Restaurateurs: Finding Wage and Hour Confusing?
Posted on 14-Dec-09 by The Timekeeper
OK, so wage and hour is confusing for pretty much everybody, I grant you. But for restaurants, it’s often especially so, what with having to deal with tips and all the special pay rules related thereto, tricky employee classification questions (i.e. when is a “manager” not a manager?), often irregular work schedules, and a host of other issues many other types of businesses rarely face.
Plus, as a low-wage industry, the hospitality biz is under some measure of scrutiny at both the state and federal levels, so indiscretions and mistakes often come to light more often and more readily than in other industries.
Right on the heels of a story about five restaurants in the Houston area being assessed over $330,000 in back wages for failing to pay employees properly for overtime, and another about 17 KFC restaurants in Iowa having to pay nearly $150,000 in back wages for similar issues…

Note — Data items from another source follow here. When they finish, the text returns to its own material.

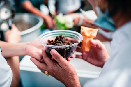 The Hope of the Poor by Donating Charity Food to the Immaculate : Participation in sharing food for the poor : The Concept of Love : The beggar is waiting for food from charity aid
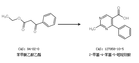 2.通过苯甲酰乙酸乙酯合成2-甲基-4-苯基-5-嘧啶羧酸
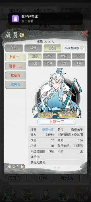 人员培养 — 面对门下几十数百甚至过千的弟子,你毕竟精力有限很难每个人都手把手培养,如何恰到好处地进行传功或洗髓帮助一些潜力股早日实现飞升也不是一件简单的事情,另外你也可以对一些看得上的弟子设置职责委以重任。
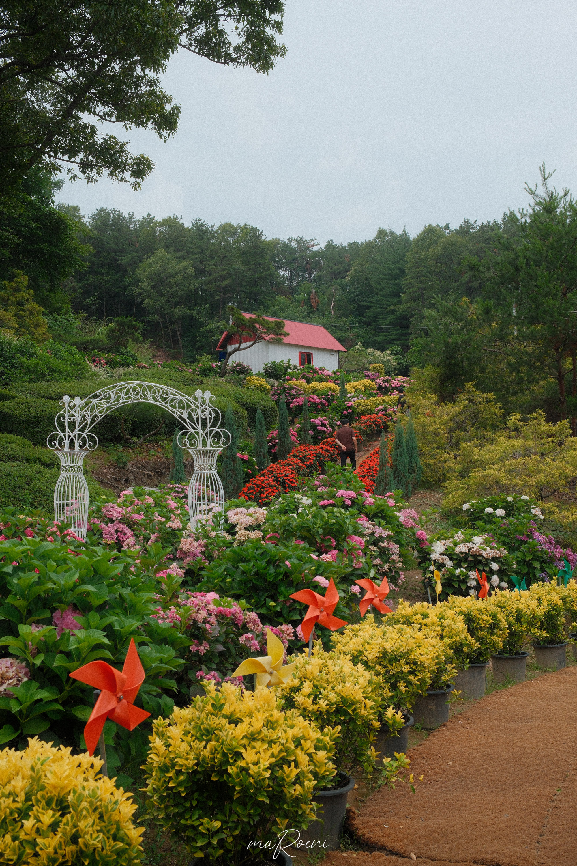 수국 개화시기가 늦어졌다고는 들었는데, 우리가 방문했을땐 막 피어나는 품종도 있었지만, 거의 끝물인 품종들도 많았다. 대부분 불에 타들어간것마냥 수국들이 시들어있었는데, 올해 태양빛이 너무 강렬해서 타버린 모양임ㅋㅋ

…comes some possible help. Yay!
The Cornell University School of Hotel Administration Center for Hospitality Research has issued the latest in a series of “Roundtable Retrospectives” which could prove to be a useful resource for those in the restaurant business.

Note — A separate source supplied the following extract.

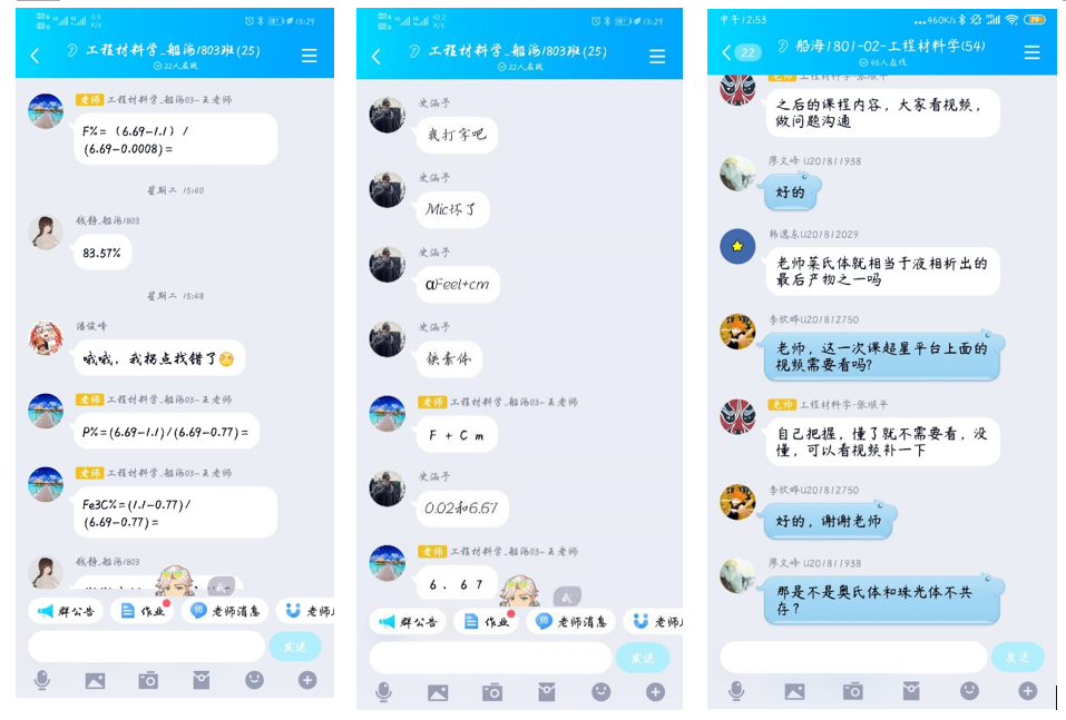 《机械原理实验》课堂上,同学们将自己所画的机械简图发到QQ中,老师地对同学们提交的机械简图进行耐心指导并指出其中的错误。还有部分同学一直通过打电话的方式进行沟通,互相帮助,解决学习上的疑难问题。

The authors of Restaurants at the Crossroads: A State-by-State Summary of Key Wage-and-Hour Provisions have compiled a guide to wage and hour rules in all fifty states, as well as areas such as Puerto Rico and the District of Columbia.
Of course, when it comes to making sure you’re on the right side of wage and hour law, nothing beats a good long heart-to-heart with your employment law attorney — and I strongly encourage you to have one (soon) if you haven’t recently. But this guide could be a good starting point to help you identify potential issues you might want to bring up when next you and your attorney meet and to help you stay out of hot water in the meantime.
Good stuff.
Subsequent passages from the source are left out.